May 8, 2014

Hickory dickory dock

We have, on our little suburban plot of land, two enormous oak trees (at least 6 feet around at the base, probably over 8), a baby shagbark hickory, a sassafras, a crabapple, and apple, two pears, a plum, a persimmon, a nectarine, a peach, a silver maple, a staghorn sumac, a redbud and two baby oaks, (and that is a listing of only the TREES!) so losing the enormous shagbark hickory that is mommy to the baby we have shouldn't bum me out as much as it does.
The tree was not healthy last year. We didn't get the glorious golden fall color in October. And the nasty winter and insanely late spring has done her in. But she's so big. And beautiful. And I didn't get any pictures of her in her autumn glory.
In her place, I will plant a tulip poplar who volunteered himself in one of our beds two years ago. He's only about 18 inches tall right now, but they are native to the area and can grow to 100 feet!! Plus they have cool leaves. And I will finally add the Japanese maple I've been wanting for years. There's always room for more trees!

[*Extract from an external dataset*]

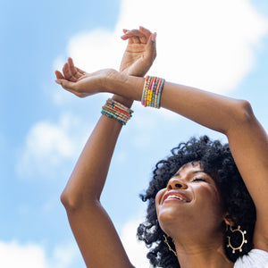 Mix + match, layer + stack with our Grace Gold Stripe Stretch bracelets! These sequin beauties are handmade with love + pops of shiny gold for an effortlessly cool vibe.

In memoriam, I'm sharing the only two pics I could find of the old girl. (She's in the background of both.)
Through our arbor, nearly straight ahead, alas hidden by the out-of-control porcelain vine.
There she is in the back stretching over the rooftop.
UPDATE: Much like Mark Twain, news of our hickory's death is an exaggeration. I actually spotted a bit of green on her a week after this post. She is now classified as the plague victim in Monty Python: mostly dead. Hopefully, she'll get better.